Report on Bengal Muslims coming today

Researchers claim it is most comprehensive study based on primary data

May 31, 2014 03:39 pm | Updated December 04, 2021 11:43 pm IST - Kolkata:

Seven years after the Justice Rajendra Sachar’s report on the minorities, a range of activists and scholars from various professions have come together to publish arguably the most comprehensive report on the socio-economic condition of Muslims in West Bengal.

The report – Status of the Muslims in Bengal, 2014 – is based on field level survey by at least a dozen scholars and scores of field-based researchers. The survey was conducted over two and half years and in nearly one hundred thousand households. No other report on Muslims of Bengal has collected data from as many primary sources as the forthcoming report, scheduled to be released on Saturday.

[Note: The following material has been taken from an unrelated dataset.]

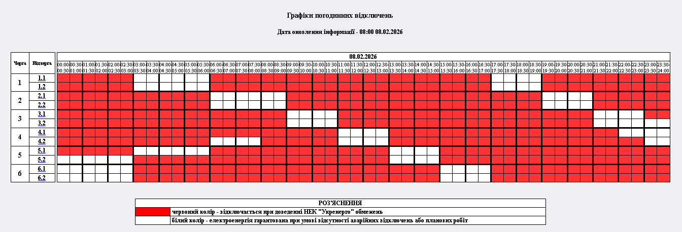 Графіки відключення світла на неділю, 8 лютого
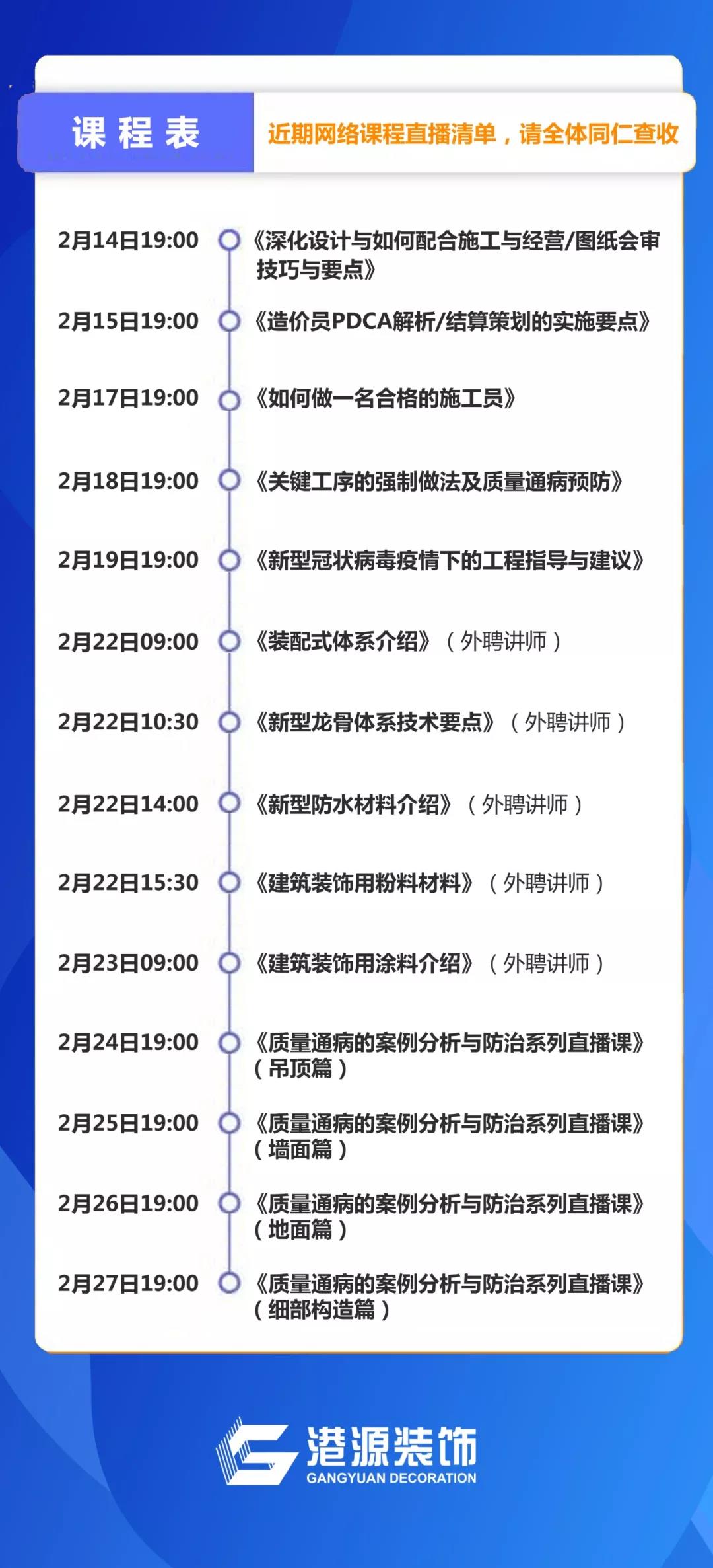 抗疫時(shí)期,恰是自我提升的黃金階段。為了減少大范圍人員聚集的同時(shí)又能達到集體培訓的互動(dòng)效果,港源裝飾近期將線(xiàn)下培訓改為網(wǎng)課直播,每天晚上邀請一位講師通過(guò)視頻與員工“面對面”傳授經(jīng)驗、答疑解惑,為員工提供提升自我、交流分享的平臺。

Justice Sachar report, released in 2006, collected its data from “secondary sources” as the committee did not receive much information from the then Government of West Bengal, the Committee’s member-secretary told this correspondent earlier. Saturday’s report, however, is expected to be more “in-depth and comprehensive,” according to one of the researchers.

Several members of Bengal’s civil society played a significant role to get the project off the ground. Members of Nobel Laureate Amartya Sen’s trust, Pratichi, and academics with prestigious social science institute of Kolkata, Centre for Studies in Social Science (CSSSR), have joined hands with a couple of non-governmental organisations working among the minorities, like Social Network for Assistance to People (SNAP) and Guidance Guild, to conduct the survey and structure the interim report.

The members of the groups told The Hindu that it was “an arduous job” to bring extremely diverse groups of professionals to work together to publish a report on the socio-economic condition of Bengal’s minorities. But finally when the report is published on Saturday, it is expected to be a major talking point, not only in Bengal or eastern India but across the country.

The report is expected to highlight that almost a decade after Sachar report, 80 per cent of Muslim households depend on manual labour for livelihood or members of one fifth of the households are illiterate.

Approximately, Muslims constitute 25-26 per cent of Bengal population, that is one in four persons is a Muslim in the State. While Bengal has almost no record of large-scale communal violence over decades, the socio-economic condition of the community has not improved.

The Prime Minister-appointed Sachar Committee placed Bengal in the category of “worst” performing States. While refusing to accept the committee’s argument, the Left Front acknowledges that Sachar report had hit the coalition, both in the 2009 Lok Sabha and in 2011 Assembly polls. The Front, which almost always had an unflinching support of Muslims, lost the minority votes, and the leaders partly blamed the report for losing the traditional base. However, questions were raised about the authenticity of Sachar’s information regarding Bengal as the Committee could not access government data. The former member-secretary of Sachar Commiitee, Abusaleh Shariff told this correspondent in an interview in 2009 that the committee based its report on “secondary sources” as the Bengal government “refused to cooperate.”

However, Mr Shariff was questioned by the Left Front for alleged bias against the Bengal government. It is expected that the Saturday report will dig out the facts about the Bengal’s Muslims – approximately 2.1% of India’s population – objectively, dispelling myths. In fact, one of the reasons to produce a status report on the Muslims has emerged from the “need” to cross-verify the information released by the Sachar Committee nearly a decade ago.

Eminent poet Shankha Ghosh and Litterateur Nabanita Dev Sen will release the report in the city.